Matthew Green NDP Hamilton Centre, ON

Thank you.

9:25 a.m.

Liberal

Joyce Murray Liberal Vancouver Quadra, BC

—and the foundation builders in SSC.

9:25 a.m.

NDP

Matthew Green NDP Hamilton Centre, ON

I have only six minutes, so I'm going to roll on to the other questions. I appreciate that.

I want to get specific. I want to know how many “core and at-risk” systems and platforms you have identified to date and what the estimated cost is of updating all the identified systems.

9:25 a.m.

Liberal

Joyce Murray Liberal Vancouver Quadra, BC

I'll pass that, and perhaps also your question on how we define “core and at-risk”, over to Madam Paquet.

9:25 a.m.

Executive Vice-President, Shared Services Canada

Sarah Paquet

Francis will start.

9:25 a.m.

Acting Chief Information Officer of Canada, Treasury Board Secretariat

Francis Bilodeau

The minister's mandate letter does talk about “core and at-risk”. There is no formal definition in policy, but this could generally be understood as being systems that support significant and important services and systems that are aging, as a result of which we could potentially have outages, or we might have a limited capacity to update them and meet policy objectives because of the aging systems. This is something that's been put in the mandate letter. While there's no formal definition of this, there is within policy a definition around “critical services”. Those are generally defined as the ones that have an impact on the economy and the health and safety of Canadians.

We've now launched an exercise where we're trying to more systematically identify them. We have some information around application health. Recently, the clerk established a DM committee on core services. The minister, as well as this committee, will be working to more systematically identify those larger systems that are aging and at risk. We do need to know the number.

9:25 a.m.

NDP

Matthew Green NDP Hamilton Centre, ON

My concern is that we have departmental reports and results that have objectives and aims, yet we have no real key performance indicators to be able to measure the progress of the department if we haven't identified already what we're going to define broadly across the services as being at risk. Critical failure in IT is a national security issue. I'm hearing about DOS and I'm hearing about these old legacy systems. I worked at a bank—I won't name it—that ran DOS, and it was a nightmare. That was almost 10 years ago.
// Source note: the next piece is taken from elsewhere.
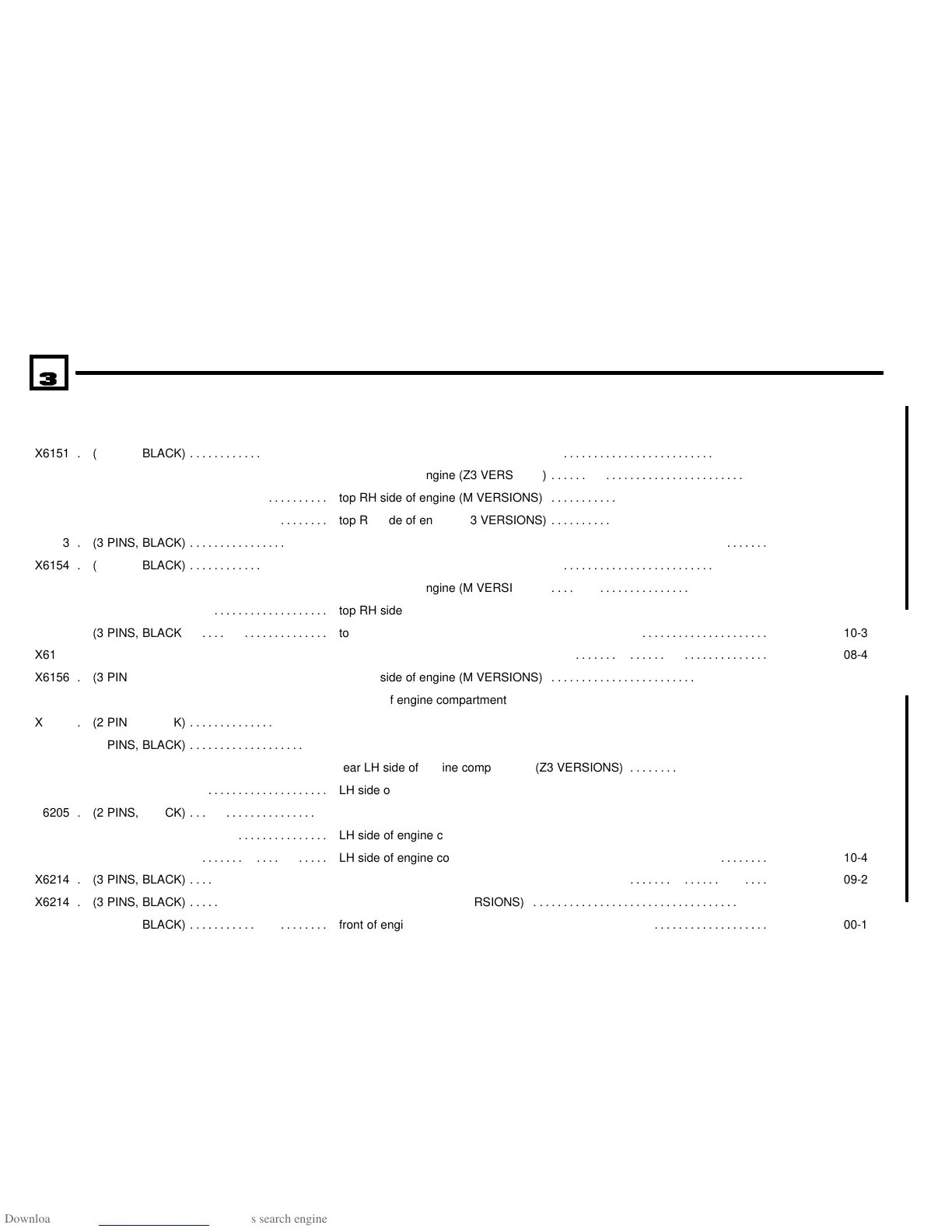 top RH side of engine (Z3 VERSIONS) . . . . . . . . . . . . . . . . . . . . . . . . . . . . . . . . . . . .

Once you've completed this task, when can we expect an update back to this committee, once you have clear definitions, so that when we go to reflect on the progress of your department, we can actually see what has been done in this critical space? Right now, I'm not hearing a very comfortable answer in terms of being clear about just what kind of stage of critical “rusting out”, I think they're calling it in your briefing letter, we're facing here.

9:25 a.m.

Liberal

Joyce Murray Liberal Vancouver Quadra, BC

Part of what digital government is now about is measurement. We need baseline measures, and we do have the process of having departmental plans and reports. I think you're absolutely right. We need to do this based on the numbers. As we accomplish this inventory, we will certainly have that reflected in it.

9:25 a.m.

NDP

Matthew Green NDP Hamilton Centre, ON

Is there a time frame?

While I have my 10 seconds, do you have a time frame for when you are going to report back?